Recorded on a hot day in the fall of 1970, the setting was the yard at Cook County Jail. As King plugged in his famous guitar Lucille, around 2,000 inmates began cheering and jeering. The jeers weren’t for King, but the Sheriff and Chief Judge at the time. This was back when Cook County was called ‘the world’s worst jail.’
Winston Moore, the country’s first African American warden, was brought in a couple years earlier to institute reforms. In his autobiography, King writes that it was Moore’s idea for him to perform at the jail.
Ron Levy was an 18-year-old keyboardist touring with King’s band then.

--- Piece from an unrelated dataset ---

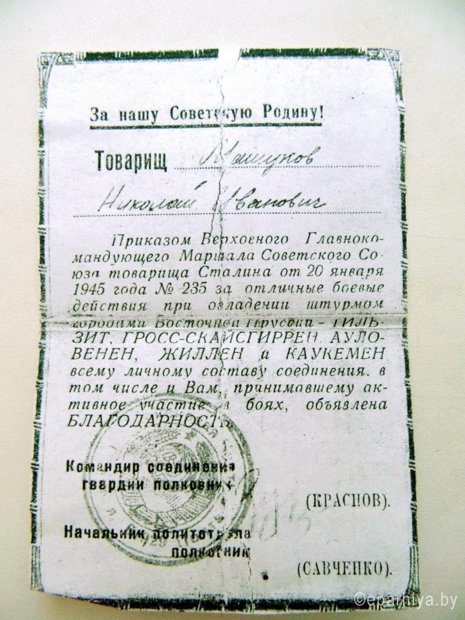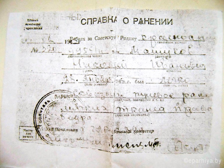 В рамках празднования 70-й годовщины Великой Победы в Добрушском благочинии было проведено несколько значимых мероприятий. 6 и 7 мая молодые прихожане Свято-Никольского собора посетили ветеранов Великой Отечественной Войны, проживающих на территории района, а 8 мая состоялась встреча совместно организованная приходом храма и общественным объединением БелТИЗ. -- Получилась настоящая экспедиция по сбору материала о войне. Непередаваемое ощущение прикосновения к живой истории! – делиться своими впечатлениями об общении с ветеранами благочинный Добрушского благочинного округа протоиерей Алексий Пилипенко, -- Сначала мы поехали в деревню Иваки к Машукову Николаю Ивановичу. Нас встретил благообразного вида, чистенький и румяный старик. Речь грамотная и самобытная. Когда началась война, ему было 17 лет. Он рассказал нам о мобилизации на фронт, о боях в Восточной Пруссии, о ранении. Во время сражений Николай Иванович был связным, передавал приказы командира бойцам на передовую. Участвовал в освобождении Кенигсберга. 7 мая молодые прихожане Свято-Никольского собора с отцом Алексием направились к Анастасии Кондратьевне Титовой, проживающей в Добруше, прихожанке Свято-Никольского собора. -- Это очень бодрая, невероятно светлая старушка с игривым огоньком в глазах, -- продолжает свой рассказ протоиерей Алексий Пилипенко, -- В войну она была санитаркой. Поначалу стирала окровавленную одежду солдат, затем выносила раненых после боя. Потом была «Санлетучка» – небольшой маневренный поезд, на котором девятнадцатилетняя «сестричка» под бомбёжками от линии фронта сопровождала раненых бойцов в тыловые госпитали. Но самые тяжелые воспоминания у нее связаны с перевозкой тяжелораненых изувеченных солдат из прифронтовых госпиталей в глубокий тыл на военно-санитарном поезде номер 1123. Каких только страданий не насмотрелась эта мужественная женщина! Во время разговора Анастасия Кондратьевна иногда вздрагивает от воспоминаний: «Я вижу войну, как наяву…» В завершении отец Алексий отметил: -- Мы рады, что нам довелось пообщаться с этими легендарными людьми. Мы познакомились с настоящими героями, которые сияют такой внутренней силой, такой любовью к жизни, что нашему поколению стоит у них поучиться. На следующий день в Свято-Никольском храме прошла встреча, на которой представители общественного объединения БелТИЗ сердечно поздравили своего коллегу, ветерана войны Анатолия Никаноровича Куликова с 70-й годовщиной Победы в Великой Отечественной. Обращаясь ко всем собравшимся, клирик собора протоиерей Евгений Шупеня, поблагодарил ветерана за его подвиг, пожелал здоровья и долгих лет. Завершилось мероприятие праздничным чаепитием и концертом, на котором свои произведения о войне исполнили поэт-бард Алексей Скачков и поэтесса Людмила Яськова. |

“At first it was kind of exciting,” remembered Levy. “[But] once those iron doors slammed behind you it was like ‘oh man.’ I had reservations about our decisions.”
However, once the music started, he said all their fears fell away. Levy said the band played lots of jails and prisons back then — for a good reason.
“If anybody had the blues, it was those people incarcerated. And B.B. really felt compassion for these guys,” said Levy. “And let’s face it, a lot of the people who are incarcerated, they were in his audience at one point or another.”
When it was released the next year, “Live in Cook County Jail” topped the R&B charts for three straight weeks. Rolling Stone magazine includes it in their list of 500 Greatest Albums of All Time.
But for Ron Levy, King’s legacy isn’t about record sales or charts.
“People don’t realize B.B. King was much more than just a musician and entertainer. He’s a human being, a humanitarian. He cared,” said Levy. “He’s one of the really good guys. There aren’t many like him in history. He’s not just the king of the blues. He’s one of the kings of humanity.”